Nikola Motor CEO Defends $4M In PPP Funds

Nikola Motor CEO Defends $4M In PPP Funds

Trevor Milton, the CEO and founder of Nikola Motor Company, is defending his company’s receipt of $4.1 million from the Small Business Administration’s (SBA’s) Paycheck Protection Program (PPP), according to CNBC.

While the program is touted by lawmakers and the White House as a lifeline to small- and medium-sized businesses (SMBs) and their workers, the Phoenix hybrid truck manufacturer is another example of a mega company that received the cash.

The startup, founded in 2014, merged in March with VectoIQ Acquisition Corp., a NASDAQ-listed publicly-traded acquisition company, and is valued at more than $3 billion, according to Trucks.com. The deal has not closed.
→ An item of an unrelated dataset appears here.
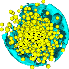 AHPCRC Bulletin: Summer 1997 - Volume 7 Number 33D Simulation of Fluid-Object Interactions at a New Level-1000 SpheresAndrew Johnson and Tayfun Tezduyar (AHPCRC-UM)Fluid-Object Interactions is one of the "Targeted Challenges" in the HPC research activities of our Team for Advanced Flow Simulation and Modeling (T*AFSM) at the AHPCRC. Our goal is to build a set of advanced methods for fast and accurate 3D simulation of this class of flow problems. This serves two purposes: a) the methods developed are opening new doors to science and technology involving fluid-particle interactions; b) our computational research for this class of extremely challenging simulations is giving us a cultivating ground for new HPC methods for flow simulations in general, including other classes of challenging flow problems.The source of the complexities involved in this class of problems is that the motion of the objects is determined by their interaction with the surrounding fluid, and the behavior of the surrounding fluid is dependent upon the motion and position of the objects. Furthermore, the objects, in addition to interacting with the surrounding fluid, interact with each other by colliding and forming groups. They may also collide with the solid surfaces that might be present at the external boundaries of the fluid-object system. In our computational model, the fluid dynamics is governed by the time-dependent, 3D Navier-Stokes equations. The equations of motion govern the 3D translational and rotational dynamics of the objects. Fluid forces acting on the objects are calculated from the computed flow field. These equations need to be solved in a coupled fashion. This class of problems is a subset of a larger class flow problems with moving boundaries and interfaces. In this larger class of problems, as far the fluid dynamics is concerned, the spatial domain changes in time, and a formulation that can handle this change accurately is essential. Fluid-object interactions become more challenging as the number of objects or the Reynolds number increases, because both increases demand larger number of mesh points for accurate computations. Beyond some point, the problem size becomes too large to carry out the simulation in a reasonable amount of time on single-processor or shared-memory computing platforms. This adds the challenge of implementing the entire method on a distributed-memory computing platform. This includes handling the changes in the spatial domain-as large number of objects move around-by updating the mesh efficiently. We are now at a level where we can carry out simulation of 1000 spheres falling in a liquid-filled tube at Reynolds number 10. Prior to this simulation with 1000 spheres, in September 1994, we completed four cases of 3D simulations with the number of spheres ranging from two to five. The Reynolds number for a single sphere was 100. This work was reported in [1]. The objective was to compare the computed results to those observed experimentally. In June 1996, we completed the simulation of two cases of 101 spheres: with the size of the spheres random in one case and uniform in the second. The Reynolds number for a single sphere was 100. The methods-which were more advanced than those used for earlier simulations involving an order of magnitude less spheres-and results were reported in [2]. The mesh sizes during those simulations reached 1.2 million tetrahedral elements, resulting in about 2.6 million coupled, nonlinear equations to be solved every time step.

Thanks to the merger, Nikola will receive more than $500 million from investors including Fidelity and ValueAct Capital, the report said.

A Nikola spokeswoman declined a request for comment by PYMNTS and referred us to the company’s statement in the CNBC report.

“There’s a difference between a high valuation and having cash,” the statement said. “Nikola is a pre-revenue company with a lot of expenses and burn rate is high. Since PPP funds will be used to retain staff, the lifeline follows the spirit of the Act in that we’re preserving high paying jobs.”

Nikola said the PPP funds act as a cash bridge to retain its 300 employees while the VectoIQ merger closes.

Securities and Exchange Commission filings showed Nikola received the PPP funds from JPMorgan Chase.

CNBC reported the forgivable government loan comes months after the 38-year-old billionaire bought a 2,600-acre ranch in Utah for $32.5 million. The luxury property features a 16,800-square-foot river-front mansion with eight bedrooms, eight and a half bathrooms, a billiards room, movie theater, wine cellar and gym.

At the time, Milton said buying property is just the beginning.

“I plan on picking up multiple other properties like this one in order to preserve Utah and offer a sanctuary for my family, friends and others to enjoy,” he wrote in an email to the website Mansion Global, according to CNBC. “I feel like my generation is asset light, wants smaller everything and is moving to cities, which is the opposite of what I wanted in life.”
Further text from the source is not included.